In this and other embodiments, NUI system 22 may be configured to provide alternative mappings between a user's hand gestures and the computed mouse-pointer coordinates. For instance, the NUI system may simply estimate the locus on display 14 that the user is pointing to. Such an estimate may be made based on hand position and/or position of the fingers. In still other embodiments, the user's focal point or gaze direction may be used as a parameter from which to compute the mouse-pointer coordinates. In FIG. 3, accordingly, a gaze tracker 36 is shown being worn over the user's eyes. The user's gaze direction may be determined and used in lieu of hand position to compute the mouse-pointer coordinates that enable UI-object selection.

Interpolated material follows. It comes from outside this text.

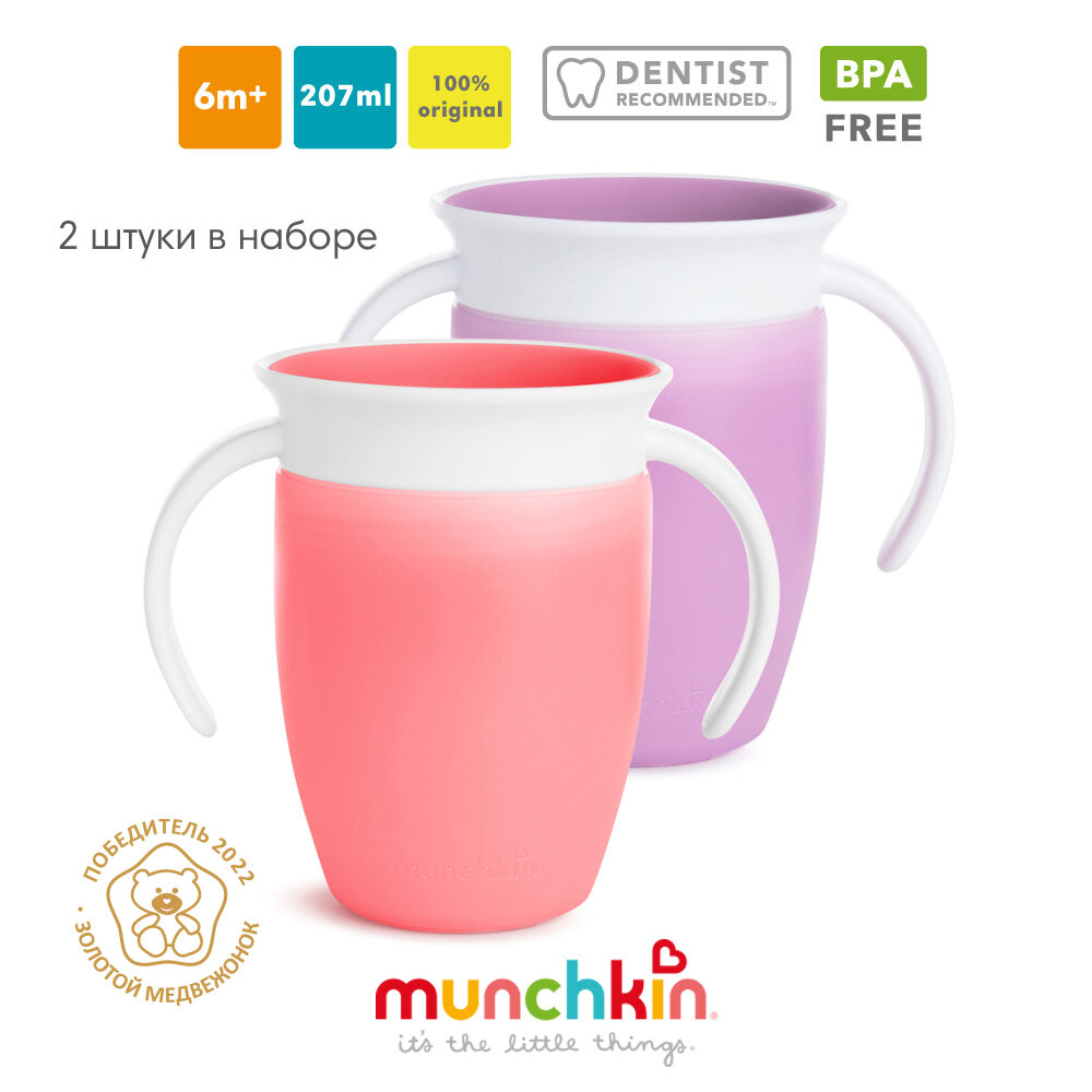 Поильник непроливайка Munchkin MIRACLE® 360° с ручками 207 мл. с 6 мес. 2 шт, розовый/пурпурный информация: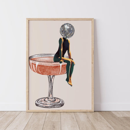Disco ball head poster, funky disco 70s print, retro wall art, digital artwork, luxury mirrorball printable, girly dorm room artt trendy $9.50

The configurations described above enable various methods to apply NUI to control a computer system. Some such methods are now described, by way of example, with continued reference to the above configurations. It will be understood, however, that the methods here described, and others within the scope of this disclosure, may be enabled by different configurations as well. The methods herein, which involve the observation of people in their daily lives, may and should be enacted with utmost respect for personal privacy. Accordingly, the methods presented herein are fully compatible with opt-in participation of the persons being observed. In embodiments where personal data is collected on a local system and transmitted to a remote system for processing, that data can be anonymized. In other embodiments, personal data may be confined to a local system, and only non-personal, summary data transmitted to a remote system.

FIG. 4 illustrates an example method 48 to be enacted in a computer system operatively coupled to a vision system, such as vision system 24, and to a listening system such as listening system 26. The illustrated method is a way to apply natural user input (NUI) to control the computer system.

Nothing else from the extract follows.